What is life? Like most great questions, this one is easy to ask but difficult to answer. The reason is simple: we know of just one type of life and it's challenging to do science with a sample size of one. The field of artificial life-called A Life for short-is the systematic attempt to spell out life's fundamental principles. Many of these practitioners, so-called A Lifers, think that somehow making life is the surest way to really understand what life is.
So far no one has convincingly made artificial life. This track record makes A Life a ripe target for criticism, such as declarations of the field's doubtful scientific value. Alan Smith, a complexity scientist, is tired of such complaints. Asking about "the point" of A Life might be, well, missing the point entirely, he says. "The existence of a living system is not about the use of anything. "Alan says. " Some people ask me, 'So what's the worth of artificial life?' Do you ever think, 'What is the worth of your grandmother?'"
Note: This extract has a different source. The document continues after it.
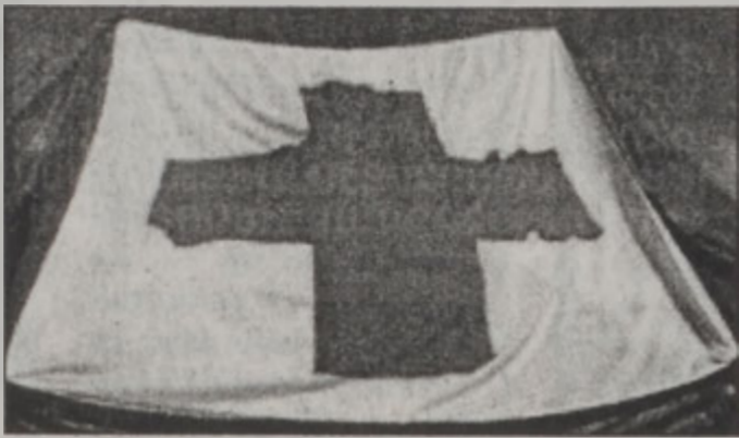
Արդեօք Կարմիր Խաչը ո՞ր պիտի բացընէ կազմակերպութեան խորհրդանիշ քրիստոնէական խաչը...

ԿԸ ԹՈՒԻ, ԹԵ ԿՐՕՆԱԿԱՆ ՏՕՆԵՐԸ ԲԱՐՂՈՅԹՆԵՐ ԿԸ ԱՏԵՂԾԵՆ ՔԱՂԱՔԱԿԱՆ ԱՐՈՒՍՈՒԹԵԱՄ ԶԱՏԱՆՇՈՒՄ ԱՐԵՒԵԼԻ ԵՒ ԱՐԵՒՈՒՏԵՐ ՄԻՋԵՒ: ՄԻՋԱՁԱՅՆԻ ԿԱՐՄԻՐ ԽԱՉԸ «ԻՍԼԱՄՆԵՐԸ ԶԱՐԳԵԼՈՒ ՓԱՓԿԱՆԿԱՏՈՒԹԵԱՄ»՝ Ա. ՇՆՆՂԵԱՆ ՉԱՐԴԵՐԸ ԿԸ ՎԵՐՑԵ ԲՐԻՏԱՆԻՅՈՒ ԲԱՐԵՍԻՐԱԿԱՆ ՎԱՃԱՍՏՈՒՆԵՐԵՆ: «ՊԻ. ՊԻ. ՍԻ.» ԿԸ ՎԱՐԱՍՆԵ:

As much as many A Lifers hate emphasising their research's applications, the attempts to create artificial life could have practical payoffs. Artificial intelligence may be considered A Life's cousin in that researchers in both fields are enamoured by a concept called open-ended evolution(演化). This is the capacity for a system to create essentially endless complexity, to be a sort of" novelty generator". The only system known to exhibit this is Earth's biosphere. If the field of A Life manages to reproduce life's endless "creativity" in some virtual model, those same principles could give rise to truly inventive machines.
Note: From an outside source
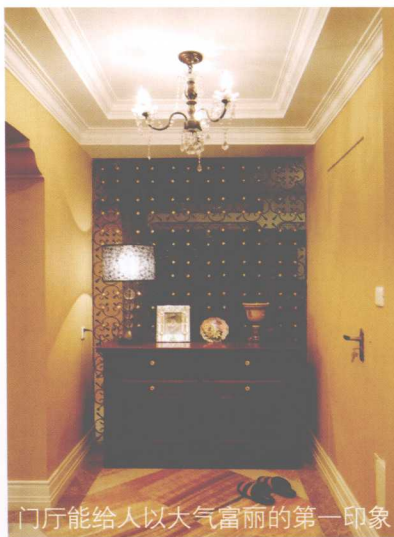
门厅能给人以大气富丽的第一印象

Compared with the developments of Al, advances in A Life are harder to recognise. One reason is that A Life is a field in which the central concept--life itself-is undefined. The lack of agreement among A Lifers doesn't help either. The result is a diverse line of projects that each advance along their unique paths. For better or worse, A Life mirrors the very subject it studies. Its muddled(混乱的)progression is a striking parallel(平行线)to the evolutionary struggles that have shaped Earth biosphere.
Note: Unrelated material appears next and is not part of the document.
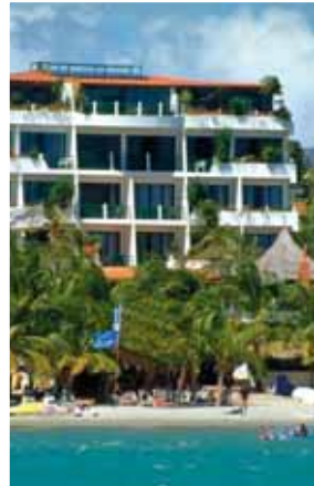
El Yaque Paradise

Undefined and uncontrolled, A Life drives its followers to repurpose old ideas and generated novelty. It may be, of course, that these characteristics aren't in any way surprising or singular. They may apply universally to all acts of evolution. Ultimately A Life may be nothing special. But even this dismissal suggests something: perhaps, just like life itself throughout the universe, the rise of A Life will prove unavoidable.